> _Task brief_: Repeat every entry word for word; omit all pictures.

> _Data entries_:
★ ★ ★ ★ ★

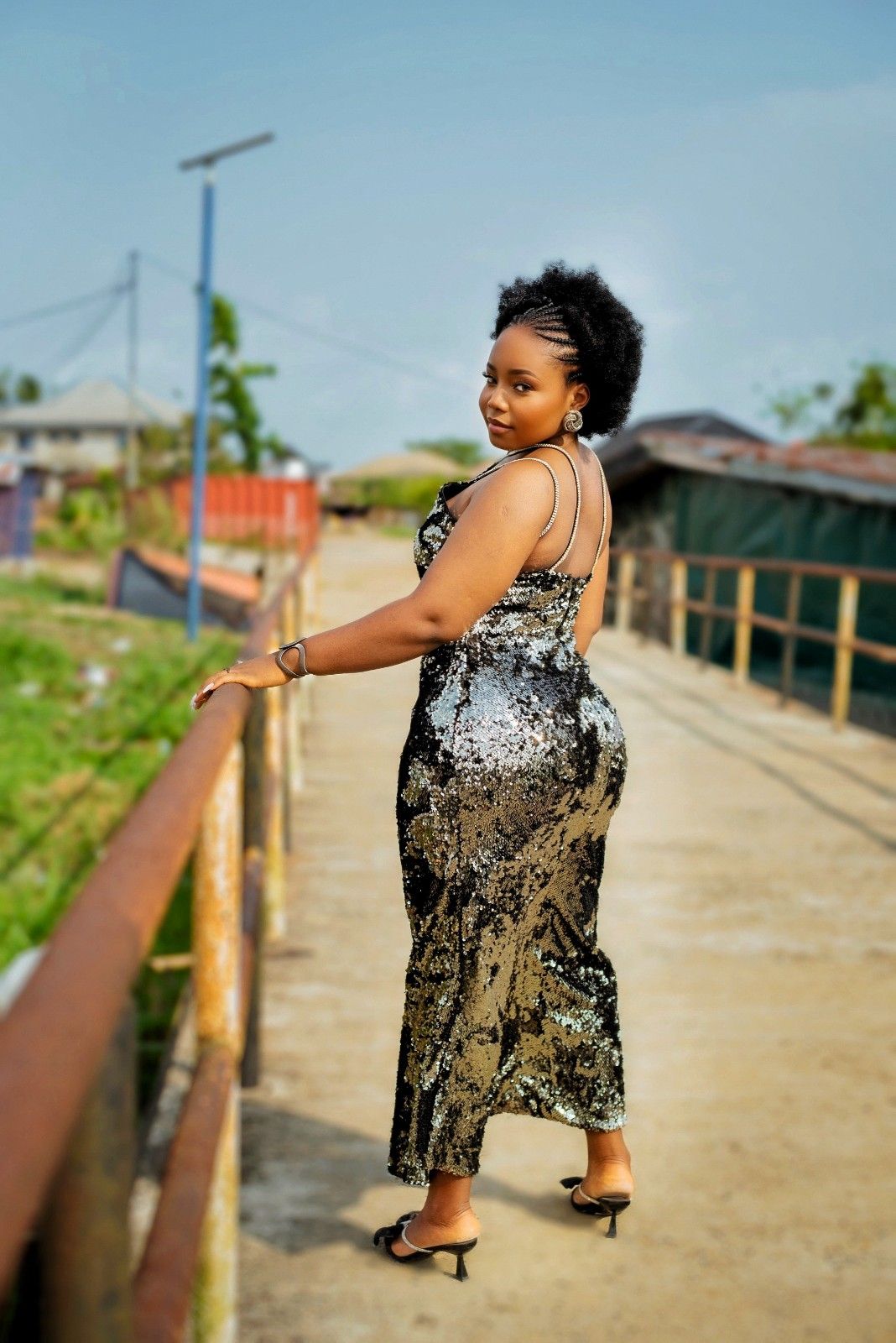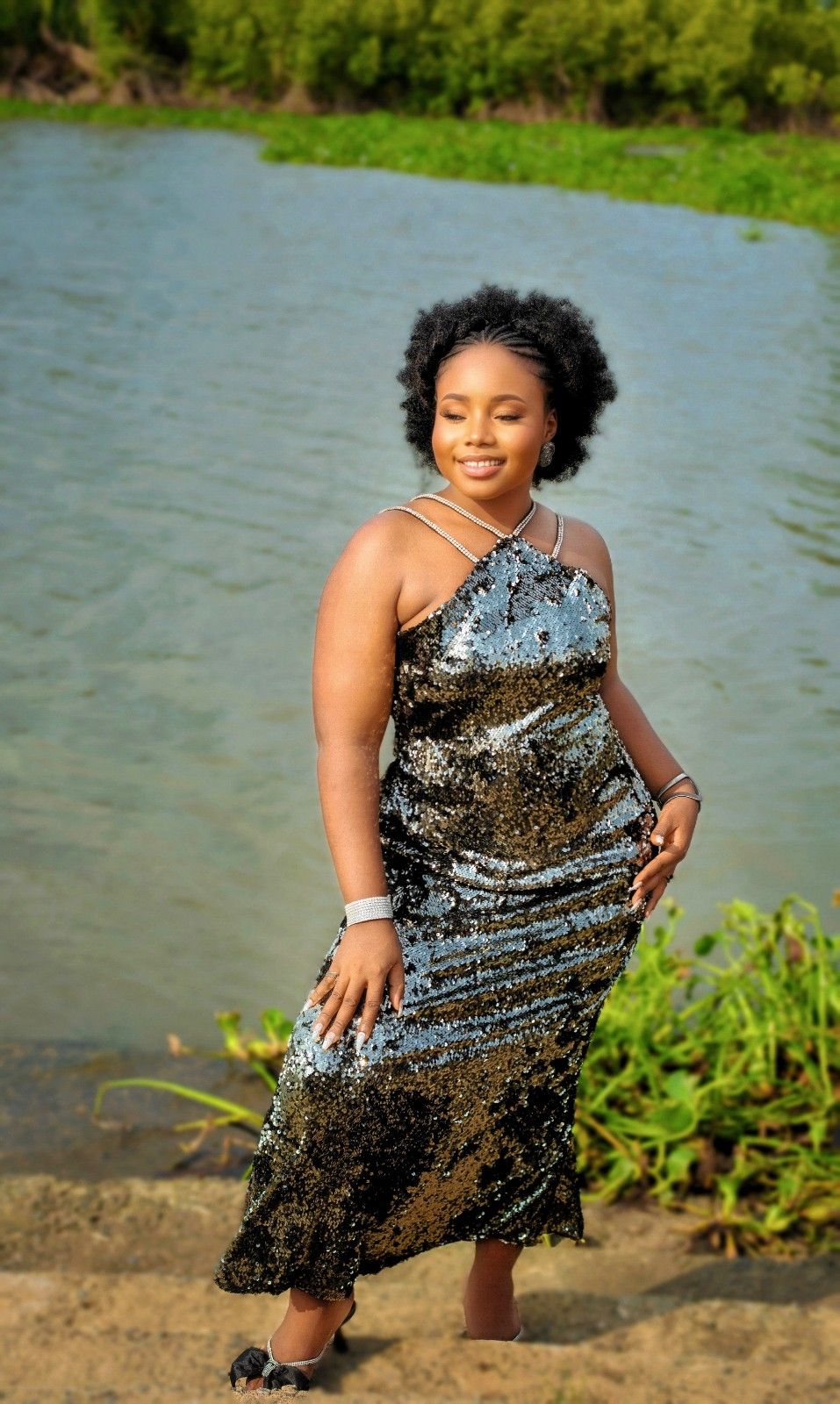 The Seraphina dress is an alluring black sequin body con gown that masterfully combine elegance with bold glamorous design the Seraphina dress features a subtle mermaid flare at the bottom, double thinning straps embellished with hand-sewn silver cup chains, halter neckline with a diamond-pointed shape. The lower back adds a touch of elegance, while a concealed zip ensures a smooth, comfortable fit. ensures a smooth, comfortable fit. Fully lined
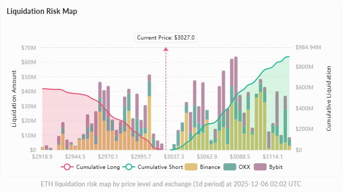 Strong support: $2,918-$2,950 (accumulated $587 million long liquidation concentration area, falling below may trigger a chain reaction)
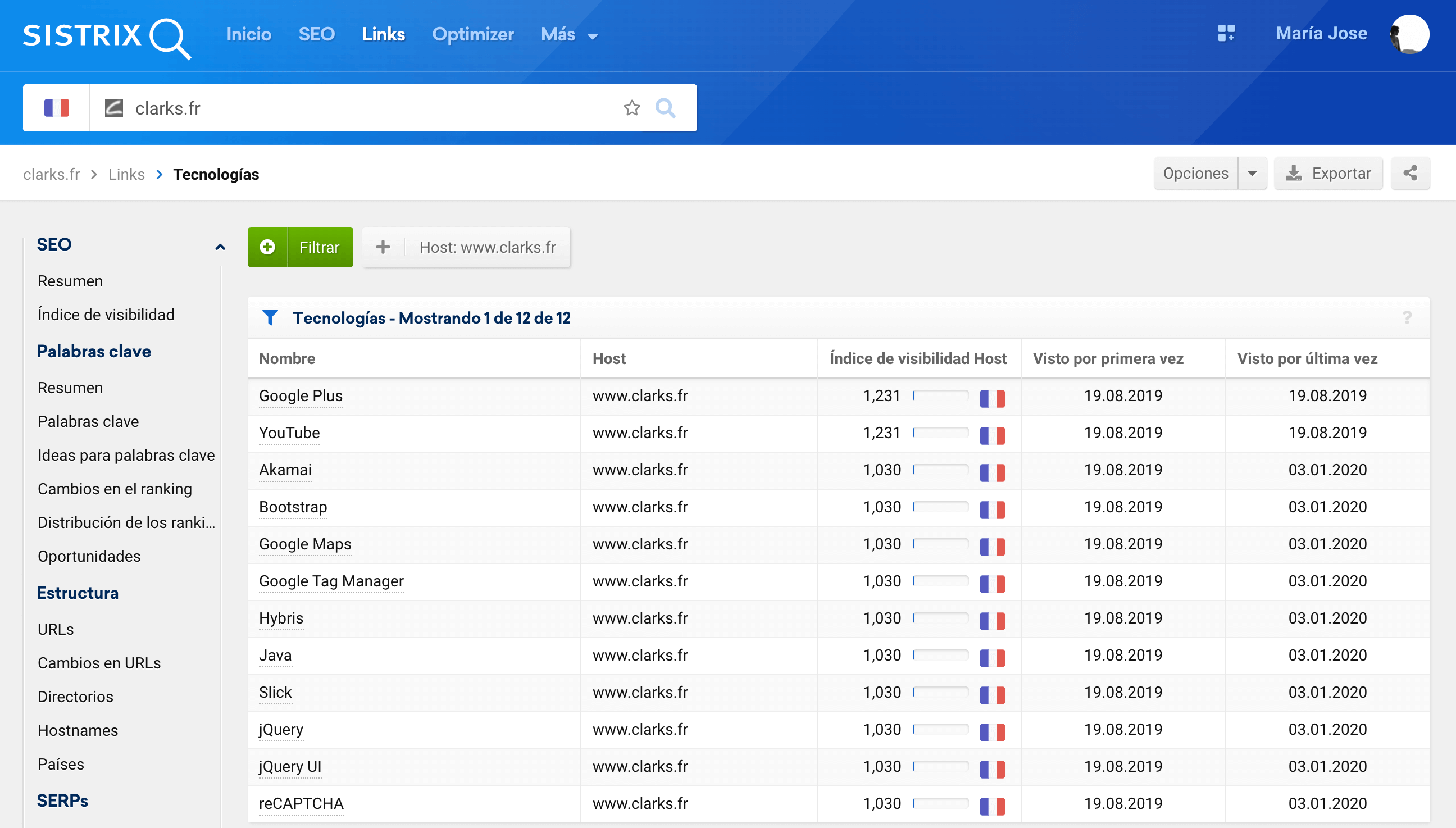 Con la funcionalidad de detección de Tecnologías de SISTRIX, en el módulo de Enlaces, podéis ver qué tecnologías usaban antes de migrar, para cualquier dominio y cualquier mercado, usando las fechas en las que la tecnología se ha detectado para analizar cuándo dejan de usar una tecnología y cuándo empiezan a usar otra.
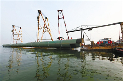 7月27日,徐州骆马湖水源地第三标段施工现场,中铁上海局市政公司员工冒着酷暑在湖中心吊装最后一节内径2.6米、长80.4米、壁厚28毫米的原水取水管道。大口径长距离钢管引水管线最后一节的就位,标志着徐州骆马湖水源地原水管全线贯通。
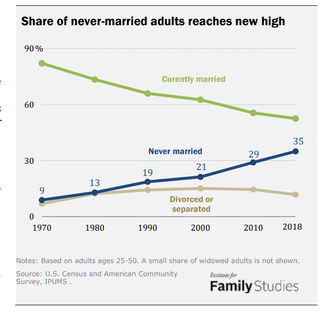 The marriage rate has fallen about 65 percent in the last half century, from a recent peak of almost eighty-six marriages per one thousand unmarried people in 1970. …Declines in marriage and increases in divorce mean that slightly less than one in two adults are currently married, down from about 75 percent in 1960.
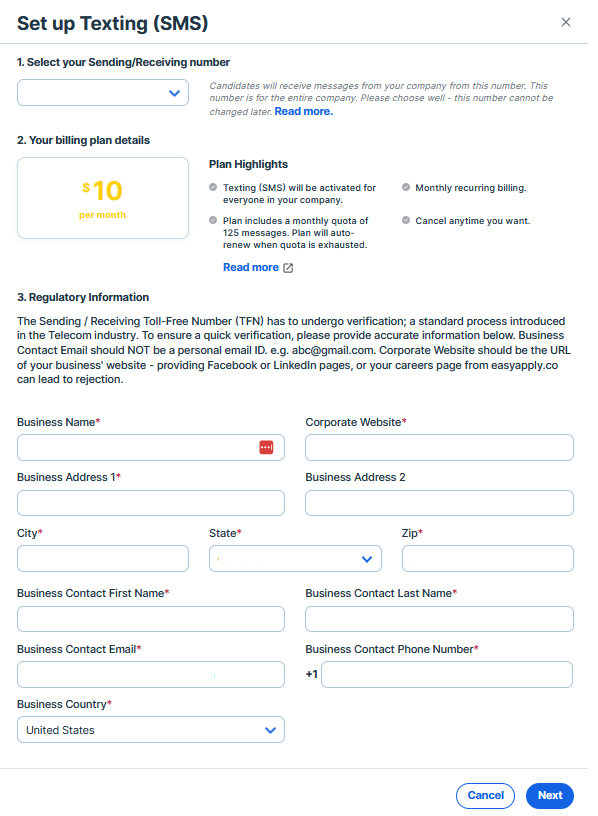 - Select your Sending/Receiving Number from the available dropdown. This is the phone number that will be used when sending and receiving SMS messages through ATS. Review the plan costs, and then select Next.
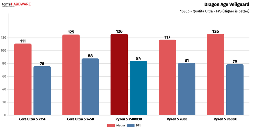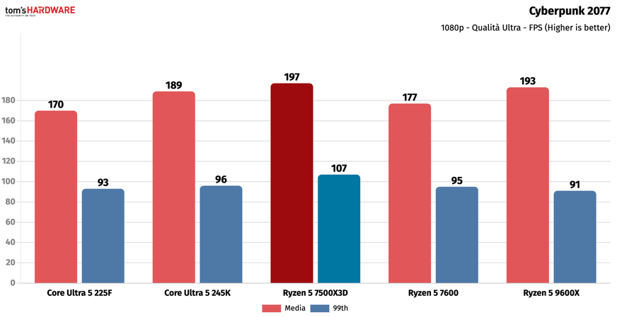 Iniziamo come sempre dai giochi, di cui trovate i grafici qui sotto. In media il Ryzen 5 7500X3D è il più veloce, facendo registrare un +7% sul Core Ultra 5 225F e un +4% sul Core Ultra 5 245K. Più ampio il divario con il Ryzen 5 7600 (circa il 10%), mentre è molto più contenuto quello con il Ryzen 5 9600X, intorno al 2-3%.

★ ★ ★ ★ ★

> _Reply_:
 The Seraphina dress is an alluring black sequin body con gown that masterfully combine elegance with bold glamorous design the Seraphina dress features a subtle mermaid flare at the bottom, double thinning straps embellished with hand-sewn silver cup chains, halter neckline with a diamond-pointed shape. The lower back adds a touch of elegance, while a concealed zip ensures a smooth, comfortable fit. ensures a smooth, comfortable fit. Fully lined
 Strong support: $2,918-$2,950 (accumulated $587 million long liquidation concentration area, falling below may trigger a chain reaction)
 Con la funcionalidad de detección de Tecnologías de SISTRIX, en el módulo de Enlaces, podéis ver qué tecnologías usaban antes de migrar, para cualquier dominio y cualquier mercado, usando las fechas en las que la tecnología se ha detectado para analizar cuándo dejan de usar una tecnología y cuándo empiezan a usar otra.
 7月27日,徐州骆马湖水源地第三标段施工现场,中铁上海局市政公司员工冒着酷暑在湖中心吊装最后一节内径2.6米、长80.4米、壁厚28毫米的原水取水管道。大口径长距离钢管引水管线最后一节的就位,标志着徐州骆马湖水源地原水管全线贯通。
 The marriage rate has fallen about 65 percent in the last half century, from a recent peak of almost eighty-six marriages per one thousand unmarried people in 1970. …Declines in marriage and increases in divorce mean that slightly less than one in two adults are currently married, down from about 75 percent in 1960.
 - Select your Sending/Receiving Number from the available dropdown. This is the phone number that will be used when sending and receiving SMS messages through ATS. Review the plan costs, and then select Next.
 Iniziamo come sempre dai giochi, di cui trovate i grafici qui sotto. In media il Ryzen 5 7500X3D è il più veloce, facendo registrare un +7% sul Core Ultra 5 225F e un +4% sul Core Ultra 5 245K. Più ampio il divario con il Ryzen 5 7600 (circa il 10%), mentre è molto più contenuto quello con il Ryzen 5 9600X, intorno al 2-3%.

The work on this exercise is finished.